Once the pictures are removed, restate the data below word for word.

START DATA PROVIDED

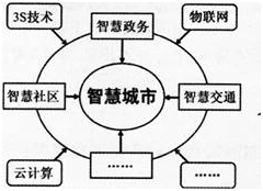 下图示意新一代信息技术支撑下的智慧城市。 智慧城市建设对城市发展最重要的作用是(  )。A.调整地域结构 B.加速人口集散 C.扩大空间规模 ...
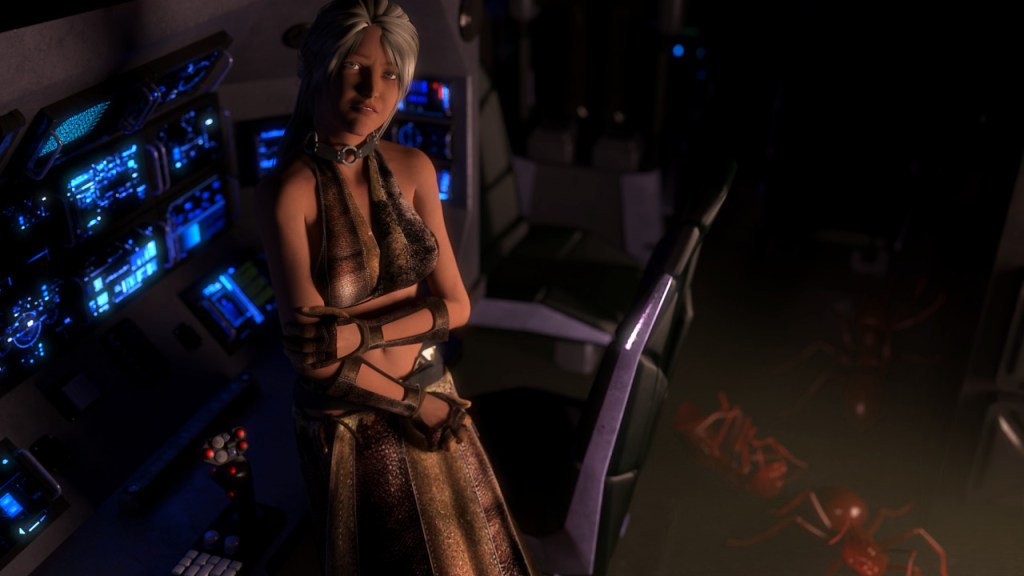 The trio moves quickly toward the vehicle, each being somewhat relieved to leave the display of carnage behind them. The machine appears undamaged, though numerous insects had been killed inside. Rihas notices a small trail of dried blood on the floor, “Somebody was injured here. But only slightly.”
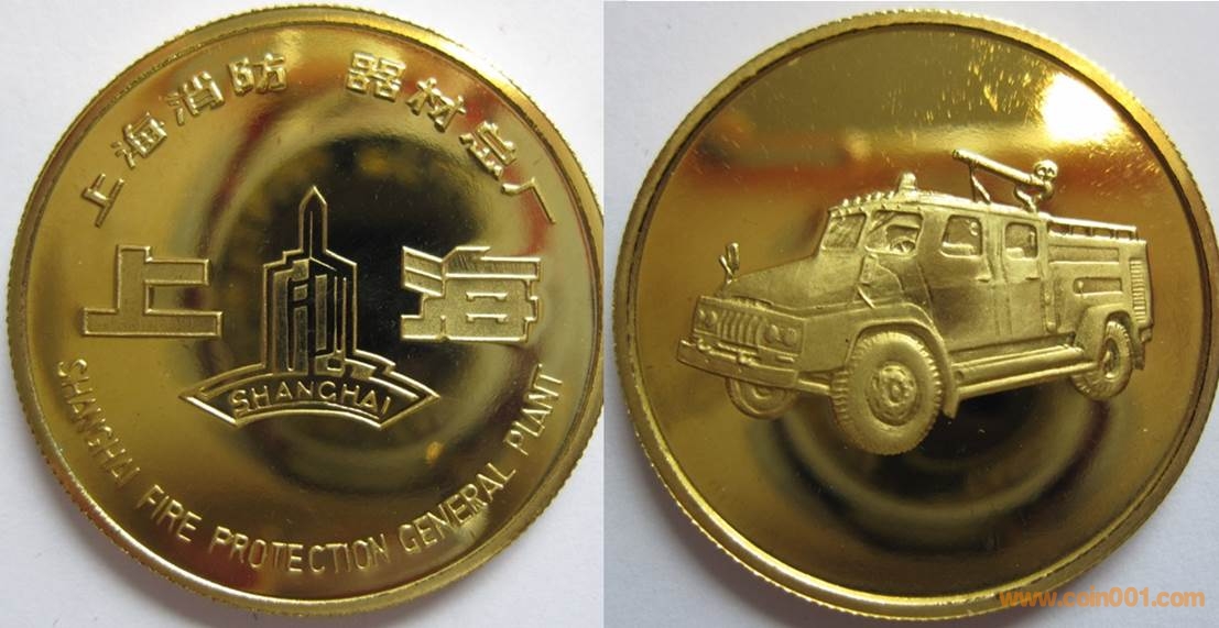 80年代制造,黃銅精制30mm,上幣發(fā)行。正面為主題文字,反面為消防車(chē)。
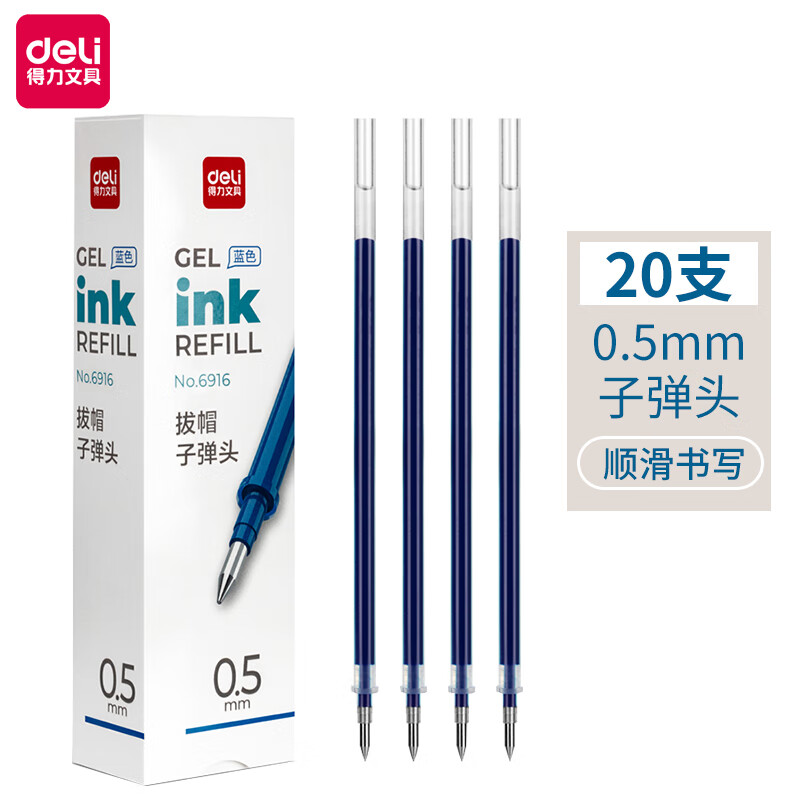 得力(deli)0.5mm藍(lán)色中性筆筆芯 子彈頭水筆簽字筆替芯 20支/盒【6916替芯/20支藍(lán)色】

END DATA PROVIDED

◆ ANSWER SPACE ◆
 下图示意新一代信息技术支撑下的智慧城市。 智慧城市建设对城市发展最重要的作用是(  )。A.调整地域结构 B.加速人口集散 C.扩大空间规模 ...
 The trio moves quickly toward the vehicle, each being somewhat relieved to leave the display of carnage behind them. The machine appears undamaged, though numerous insects had been killed inside. Rihas notices a small trail of dried blood on the floor, “Somebody was injured here. But only slightly.”
 80年代制造,黃銅精制30mm,上幣發(fā)行。正面為主題文字,反面為消防車(chē)。
 得力(deli)0.5mm藍(lán)色中性筆筆芯 子彈頭水筆簽字筆替芯 20支/盒【6916替芯/20支藍(lán)色】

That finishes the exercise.